_WORK TO COMPLETE:_
A picture should never appear in your copy. Transcribe the listing exactly from its first line through the line with "Le Pebble S", both ends included.

_PROVIDED DATA:_
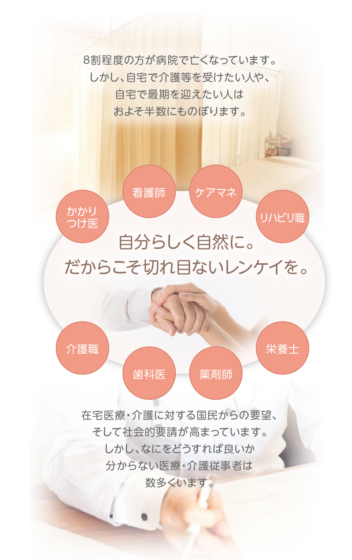 医療・介護間の多職種連携の推進により、切れ目のない在宅医療・介護サービスの提供を実現し、安心できる在宅医療生活が送れるよう支援します。
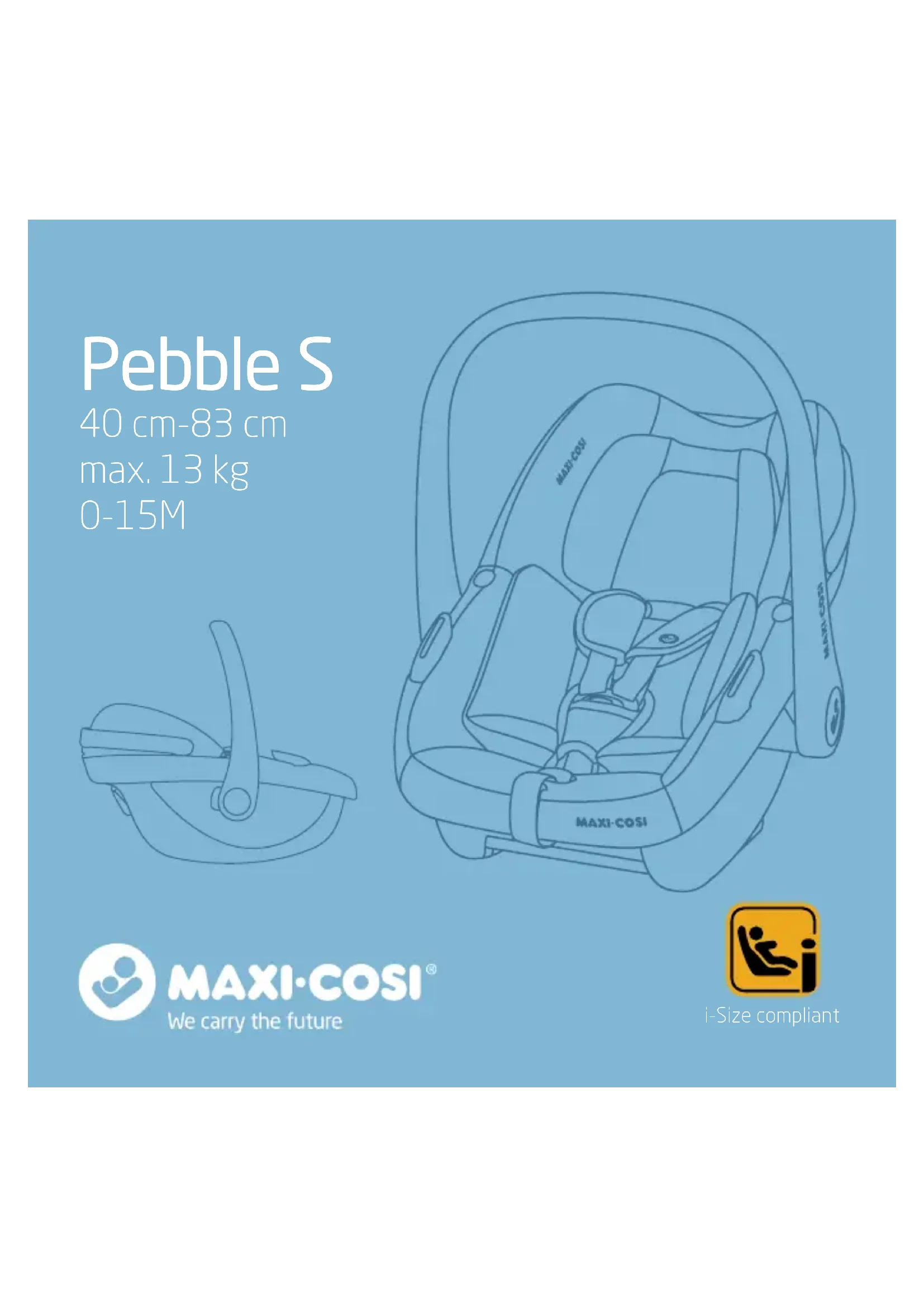 Le Pebble S est un dispositif de retenue «universel» ceinturé. Il est homologué suivant le règlement R129 (i-Size) des Nations unies pour une utilisation sur les places assises «universelles» d’un véhicule, conformément aux indications fournies par le constructeur automobile dans le manuel d’utilisation du véhicule. En cas de doute, contactez le fabricant ou le revendeur du dispositif de retenue pour enfants. Ce siège auto pour bébé fait partie de la gamme Family S qui ore une solution de mobilité complète de la naissance à environ 4ans. Pour en savoir plus sur i-Size, rendez-vous sur le site www.maxi-cosi.com. Catégorie du siège auto : i-Size (40 cm-83 cm – jusqu’à environ 15 mois) Position du siège auto : dos à la route
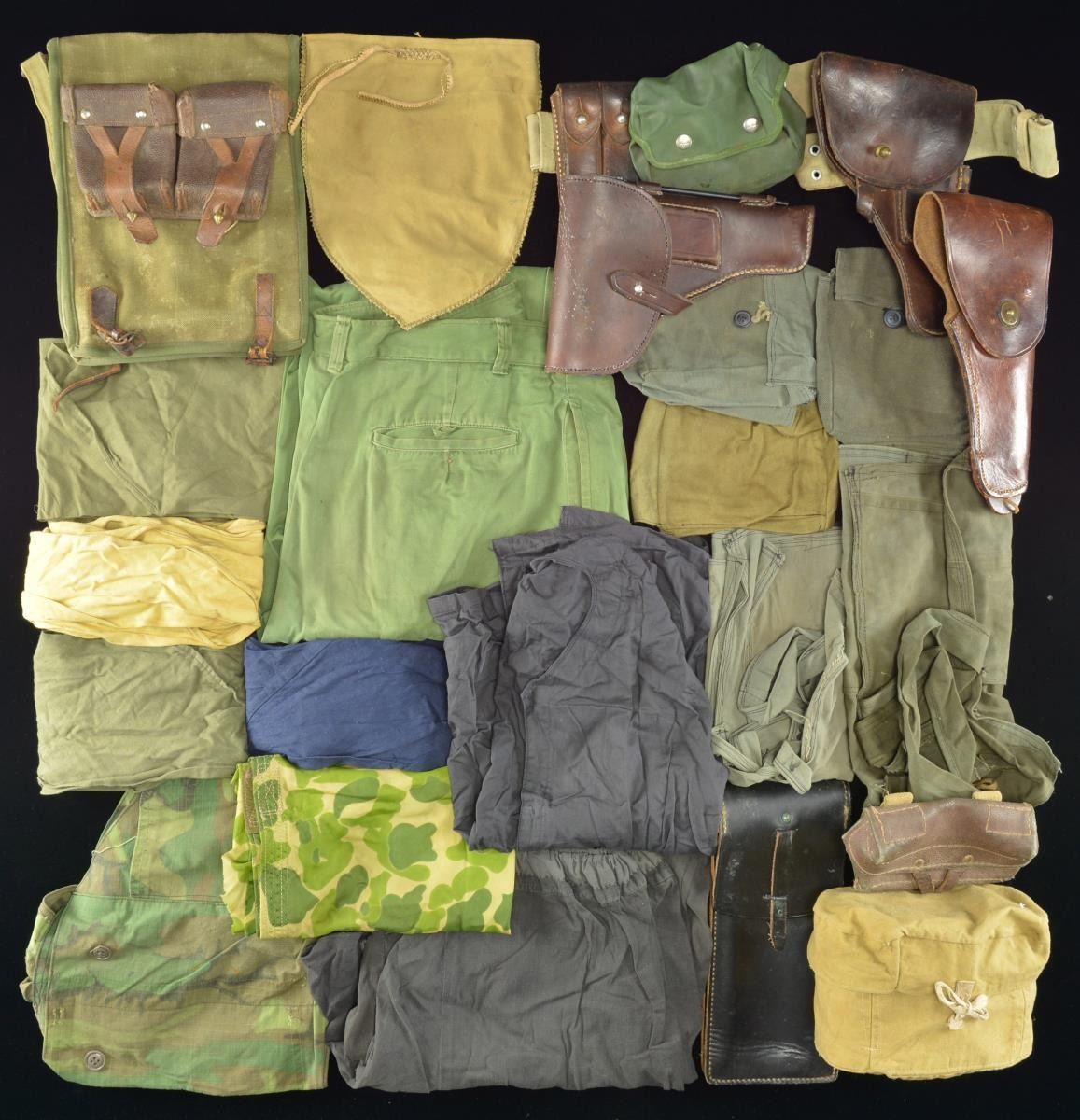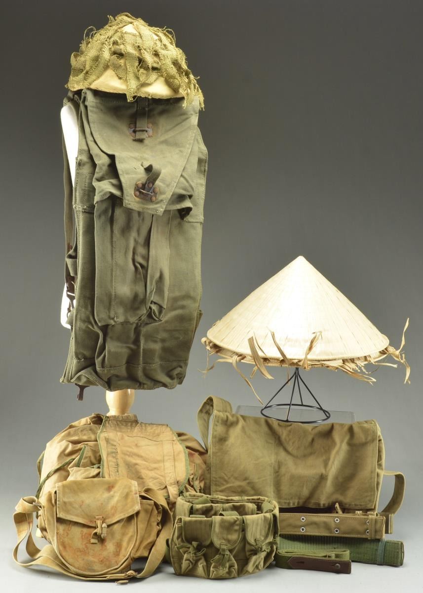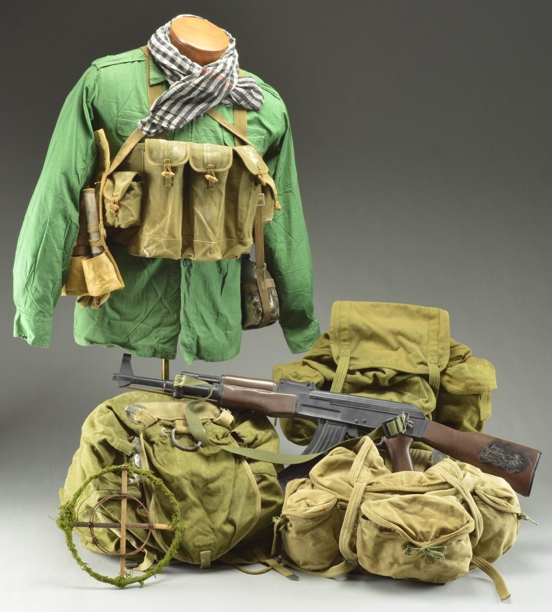 This large and varied group of North Vietnamese field equipment & related militaria includes 11 military belts and buckles, most with 5 pointed stars on the buckles / 1 Viet Cong crossbow / 1 NVA pair of binoculars / 1 Drum magazine carrying pouch / 1 Plain aluminum mess kit / 2 Aluminum engraved & decorated mess kits / 1 Dark khaki cotton canvas over the shoulder bag / 2 Conical grass hats / 1 Green cotton canvas bandolier / 1 Camouflage pouch / 2 Cotton belts with star buckles / 2 Leather pistol holsters / 1 Leather 2 clip pouch / 1 Cotton canvas belt with star buckle having a leather holster, rubberized canvas pouch & leather clip pouch attached / 1 NVA black pajama type uniform / 1 Pair of green cotton pants / 1 Khaki cotton sash / 2 Green cotton sashes / 1 Blue cotton sash / 1 Camouflage nylon piece of cloth / 1 Black leather map case / 6 Assorted pouches & bags / 1 Large notebook containing photographs showing NVA troops in the field / 1 NVA pith helmet with khaki cotton & burlap cover / 1 NVA green cotton uniform shirt on mannequin with canteen on strap, 4 pocket stick grenade pouch with grenades, bandolier with 3 large pockets & 2 small pockets likely for automatic weapon clips, and black & white cotton neck scarf / 1 Hard plastic display copy of an AK-47 rifle / 1 Large green cotton canvas knapsack / 1 Medium sized khaki cotton knapsack / 1 Medium sized green cotton canvas knapsack / 1 Medium sized khaki cotton knapsack with green trim / 1 Dark green cotton canvas backpack for carrying rockets. CONDITION: items vary widely in condition, most show some degree of field use. Most items are still functional and reasonably complete with all associated parts. (02-16428-4/BF). $800-1,200.
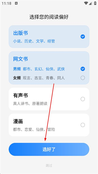 1、打開掌閱軟件,進入閱讀偏好選擇頁面,勾選出版書、網文男頻等偏好分類,點擊選好了完成偏好設置。

_RESULT OF THIS EXERCISE:_
 医療・介護間の多職種連携の推進により、切れ目のない在宅医療・介護サービスの提供を実現し、安心できる在宅医療生活が送れるよう支援します。
 Le Pebble S est un dispositif de retenue «universel» ceinturé. Il est homologué suivant le règlement R129 (i-Size) des Nations unies pour une utilisation sur les places assises «universelles» d’un véhicule, conformément aux indications fournies par le constructeur automobile dans le manuel d’utilisation du véhicule. En cas de doute, contactez le fabricant ou le revendeur du dispositif de retenue pour enfants. Ce siège auto pour bébé fait partie de la gamme Family S qui ore une solution de mobilité complète de la naissance à environ 4ans. Pour en savoir plus sur i-Size, rendez-vous sur le site www.maxi-cosi.com. Catégorie du siège auto : i-Size (40 cm-83 cm – jusqu’à environ 15 mois) Position du siège auto : dos à la route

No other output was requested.